Stored items:
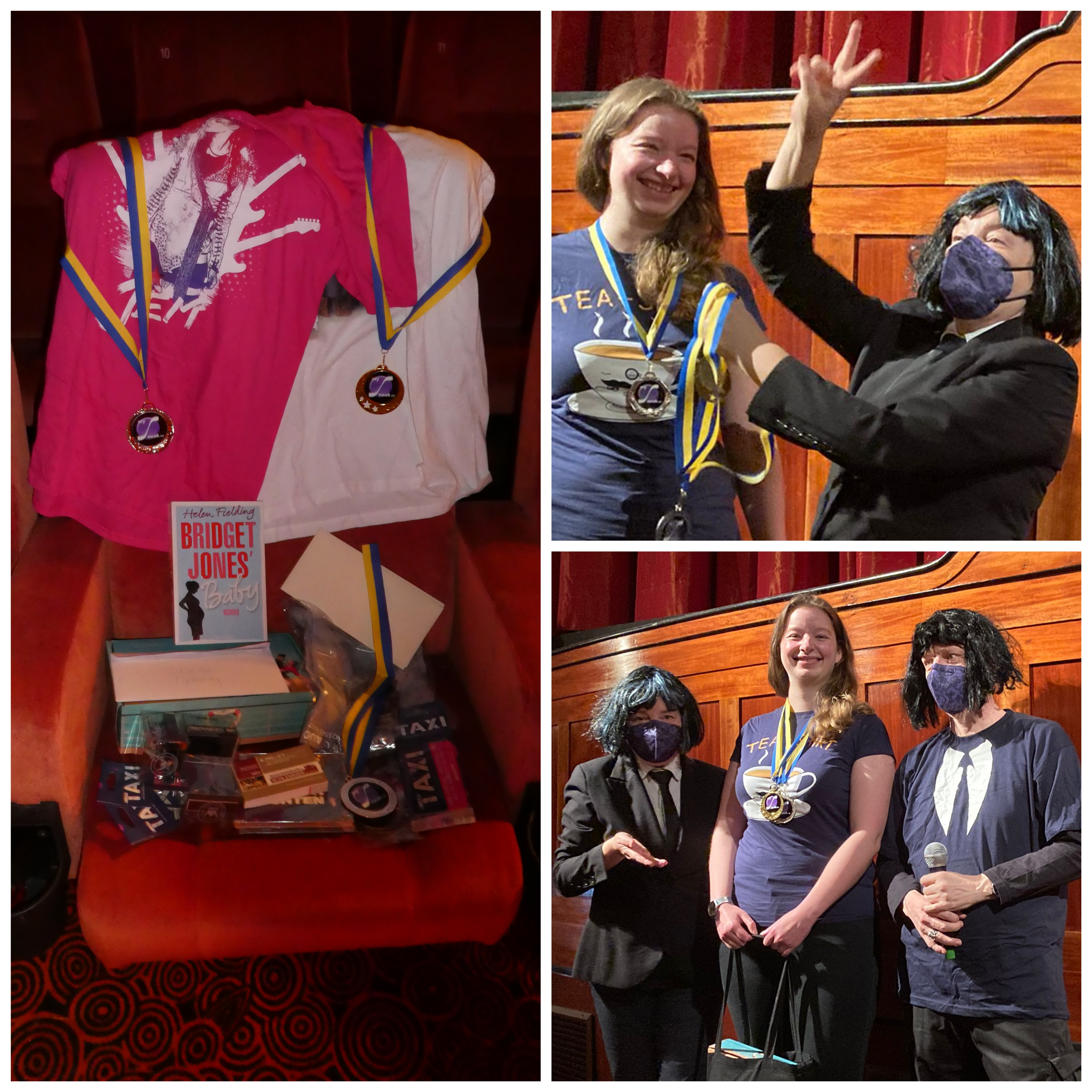 Nach den üblichen Begrüßung ging es dann einen kurzen Rückblick über drei Jahre Guess the Film!, denn unser Tipspiel ging natürlich auch in der Pandemie weiter; aufgrund der monatelangen Schließungen und nachfolgenden Beschränkungen kamen wir aber nicht dazu Tippkönige oder -königinnen zu krönen, weswegen zunächst noch einmal der winter 2019 sowie die Pandemie-Tipprunde 2020/2021 zusammengefaßt wurde, bevor es dann zur Ehrung der neuen Sommer-Tippkönigin 2022 ging. Der Zweit- und Drittplazierte konnten leider nicht erscheinen (Dauer-Gewinner ritter dickie bleibt Kinoveranstaltungen derzeit allgemein fern, und GuessWes ist vor ein paar Wochen aus Hamburg weggezogen, doch Letthesunshinein war zugegen und konnte sich über ein üpiges Preispaket (siehe Bild) sowie über gleich drei Medaillen freuen, denn selbstverständlich wurde sie nicht nur für ihren 1. Platz im Sommer 2022, sondern auch für die zweiten Plätze im Winter 2019 und in 2020/2021 ausgezeichnet.
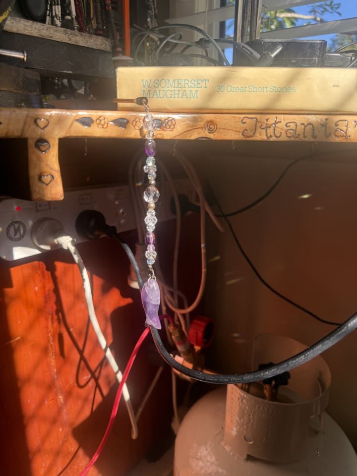 I have cleaned the birdcages. Sitting down to rest a little I admired my crystal and amethyst bookmark sparkling in the sunlight. Pretty. Life is pretty...Happy Mama T!
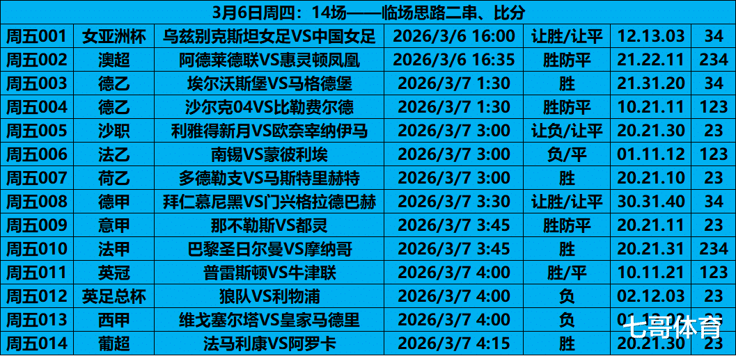 昨日赛事前瞻复盘,前瞻思路6✔3,好坏参半,003由于延期没有放入统计,部分场次临场变动也没计入统计。内推思路明确,已拿下一单,另一个方案还需等待003的结果。今天继续努力,给大家带来更精准的赛事参考。祝大家好运!!
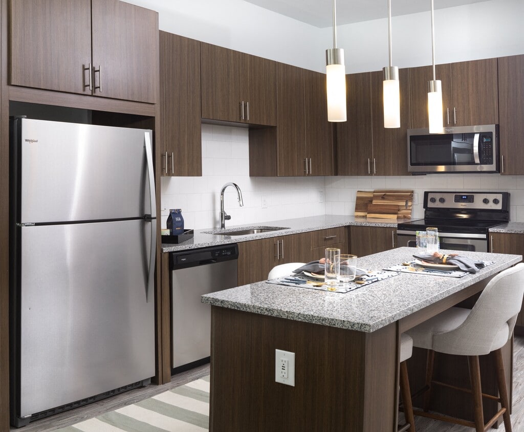 Studio to 2 Bedroom Apartments at Lux on Main currently range from $1,372 to $2,152
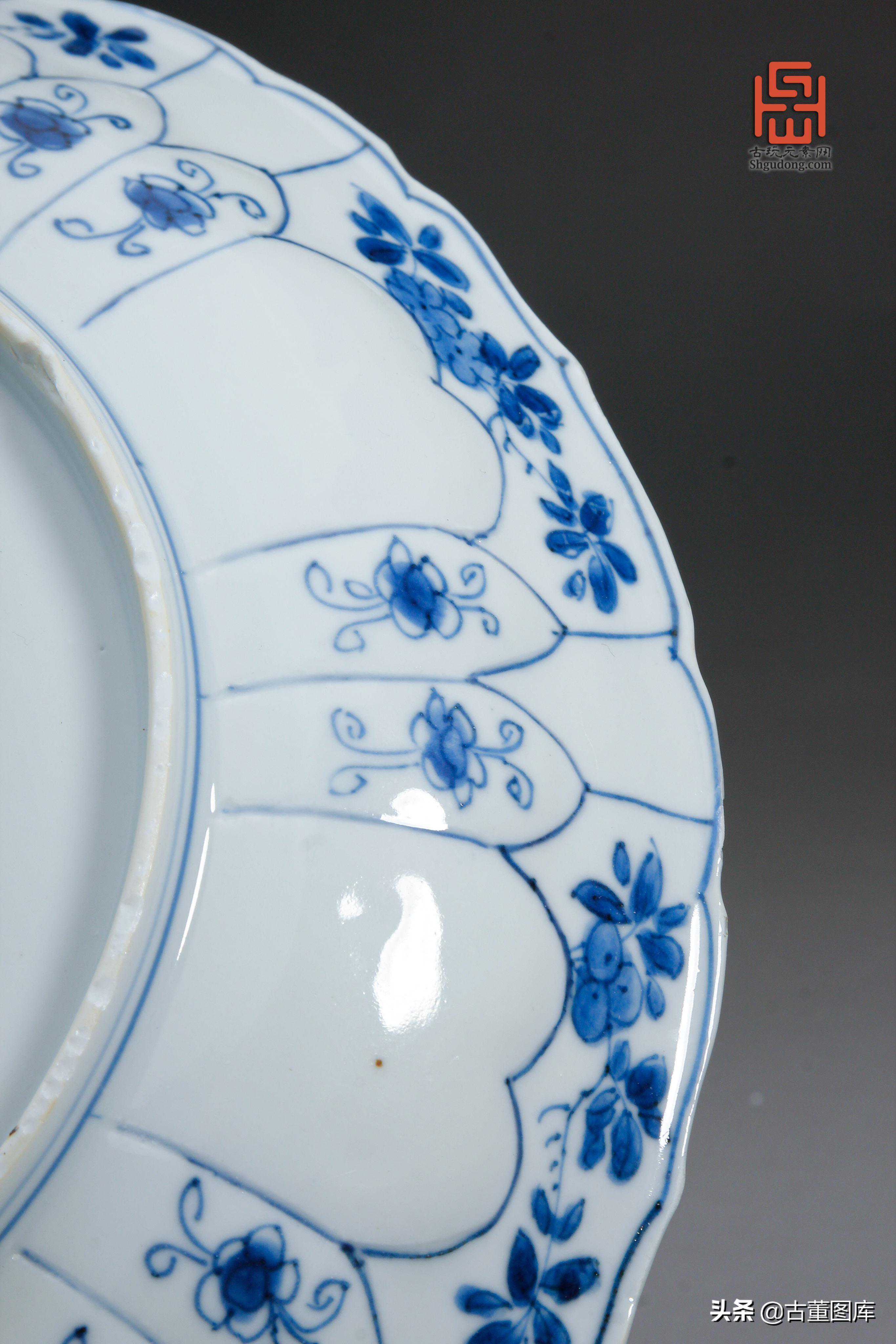 清康熙青花花卉纹莲瓣花口盘
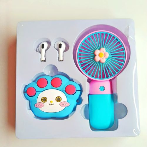 This compact and trendy set includes a portable mini fan, TWS wireless earbuds, and an attractive cartoon design case, which will make your daily use easier and more enjoyable.
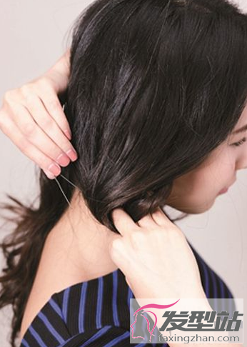 向內(nèi)凹藏入后方頭發(fā)內(nèi),并用夾子固定。
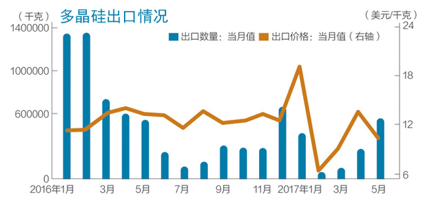 数据显示,2016年,我国光伏产品出口140亿美元,同比降10.3%。而1~8月份,出口额同比微降0.53%。从9月份开始,出口额连续同比下跌。其中,对美国出口下滑尤其严重,9~12月,对美出口额约1.4亿美元,仅为1~8月总出口额的一成左右。
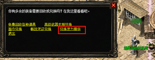 2、为了便利玩家,NPC道具回收兑换商处可以将10个灵力精华小兑换为1个灵力精华大。
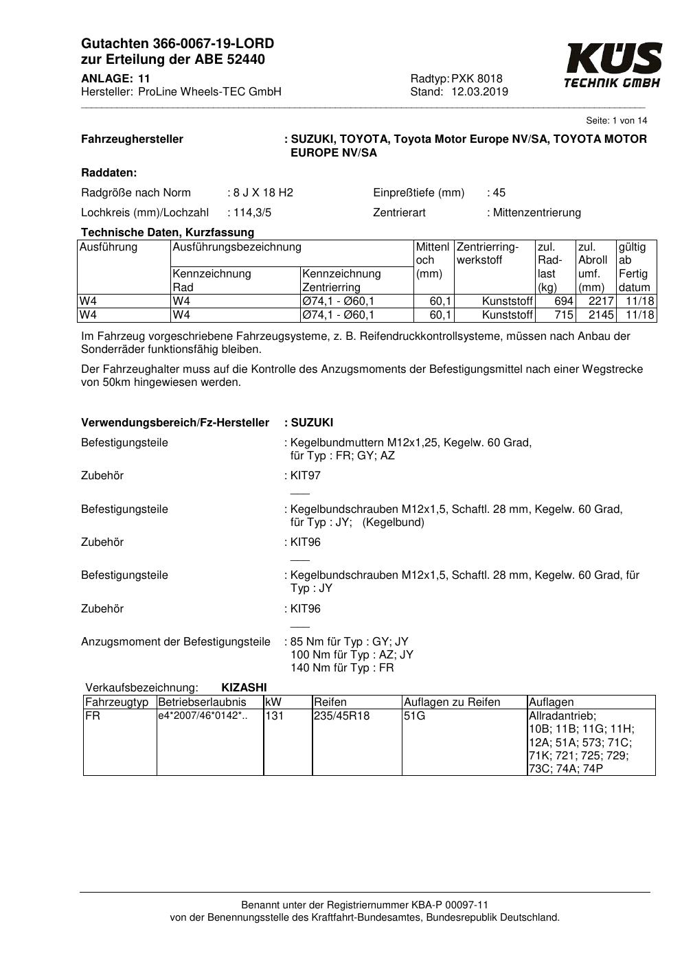 Dieses Gutachten (ABE) bezieht sich auf die Alufelge Proline PXK in der Ausführung 8Jx18 ET 0, Mittenloch 0 mm (KBA 52440). Im PDF findest du typischerweise zulässige Reifengrößen, Auflagen/Anbauhinweise und – je nach Dokument – Hinweise zur Eintragung.
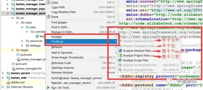 使用:右键单击(module、单个文件等)—>在快捷菜单中选择findbugs即可
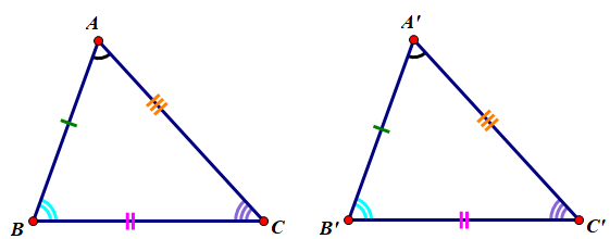 Hai tam giác `ABC` và `A’B’C’` bằng nhau nếu chúng có các cạnh tương ứng bằng nhau và các góc tương ứng bằng nhau.
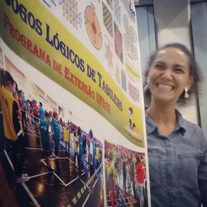 A exposição de materiais didáticos foi à forma escolhida para apresentarmos o trabalho desenvolvido pelo Projeto de Extensão LoBoGames da UFRGS. Encontramos no evento uma professora multiplicadora, atuante na cidade de Porto Alegre e fruto de um dos nossos cursos de formação, além de divulgar suas imagens aos demais, a mesma contribuiu contando-nos como tem feito para levar o projeto adiante, pinturas que foram feitas nas quadras da escola, um projeto integrador e auxílio de professores de outras áreas foram algumas contribuições relatadas pela Profa. Andressa.
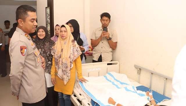 Kapolres menjenguk korban ditemani Kasat Reskrim AKP Budi Winarko dan Kasat Lantas AKP Fandri disambut pihak RSUD Puri Husada Tembilahan Asnawi.
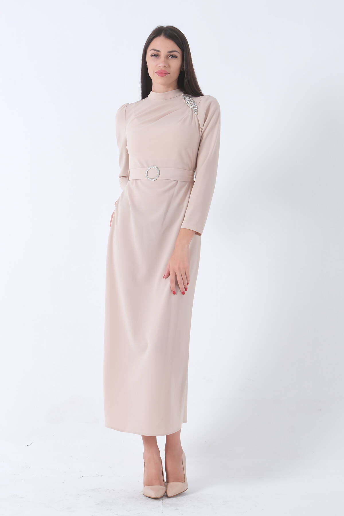 Taş Taş Aksesuarlı Belden Kuşaklı Elbise 4673001.50
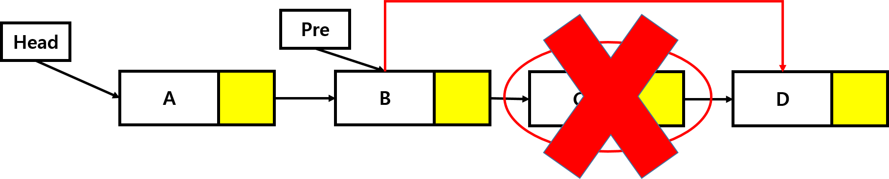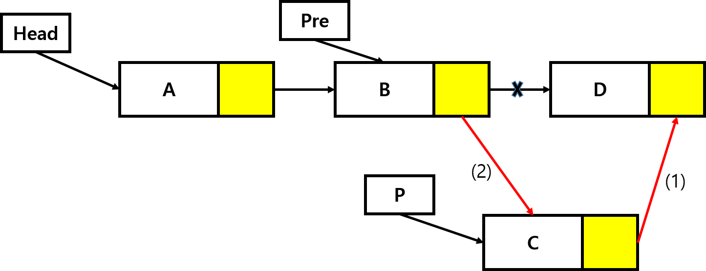 pre->link = removed->link; // 선행노드와 삭제할 노드의 다음노드와 연결
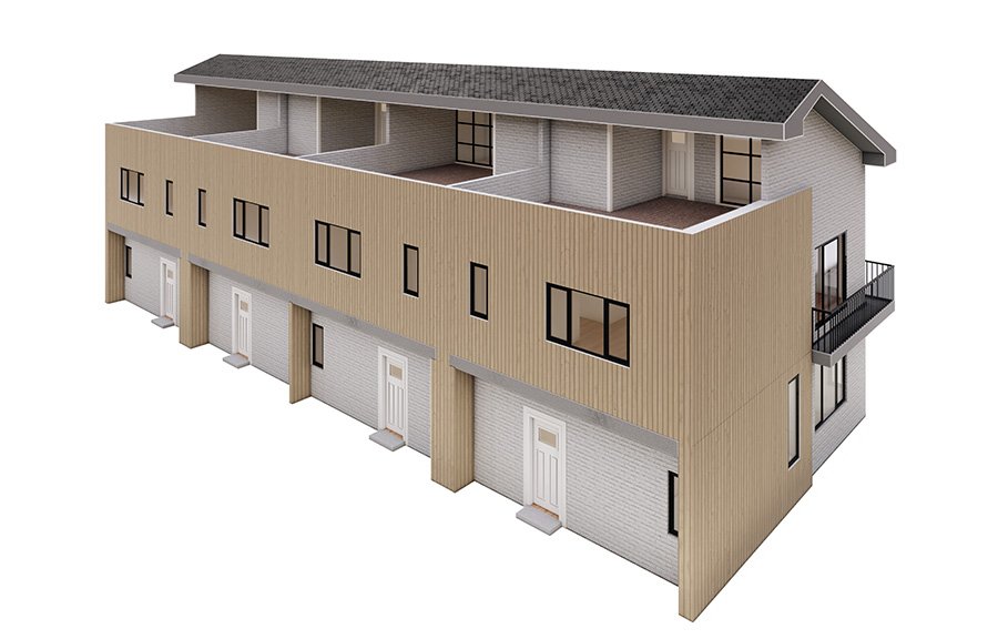 Edificio residencial completamente nuevo con diseños modernos de dos pisos.
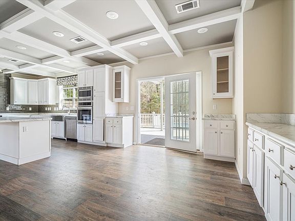 Welcome to Cross! Just minutes from beautiful Lake Moultrie, this stunning country estate sits on over 2 acres, offering both space and serenity. Only 5 years old, this custom-built manufactured home boasts 9' ceilings and an open floor plan designed for modern living. The gourmet kitchen features coffered ceilings, a center island, and is open to the spacious living room, which showcases a brick fireplace, custom cabinetry, and built-in shelving. The primary suite is a true retreat with tray ceilings, a luxurious ceramic tile shower, and dual vanities. Two additional large guest rooms provide comfort and space for family or guests. Step outside to your private backyard oasis, where you can relax on the deck while enjoying the pool. Three outbuildings offer endless possibilities!
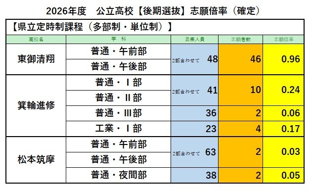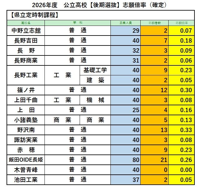 【最終志願倍率】長野県公立高校入試2026 後期選抜【全校一覧掲載】全日制の最終志願者数は7795人 志願倍率は0.89倍 信越放送 2026年3月5日(木) 17:00 国内 県立定時制課程 多部制・単位制

§ **WORK INSTRUCTION**
Quote the data above exactly from the line with "Studio to 2" to the line with "2、为了便利玩家,NPC道具", both ends counted, and nothing else. Pictures don't go in.

§ **RESPONSE TO THE EXERCISE**
 Studio to 2 Bedroom Apartments at Lux on Main currently range from $1,372 to $2,152
 清康熙青花花卉纹莲瓣花口盘
 This compact and trendy set includes a portable mini fan, TWS wireless earbuds, and an attractive cartoon design case, which will make your daily use easier and more enjoyable.
 向內(nèi)凹藏入后方頭發(fā)內(nèi),并用夾子固定。
 数据显示,2016年,我国光伏产品出口140亿美元,同比降10.3%。而1~8月份,出口额同比微降0.53%。从9月份开始,出口额连续同比下跌。其中,对美国出口下滑尤其严重,9~12月,对美出口额约1.4亿美元,仅为1~8月总出口额的一成左右。
 2、为了便利玩家,NPC道具回收兑换商处可以将10个灵力精华小兑换为1个灵力精华大。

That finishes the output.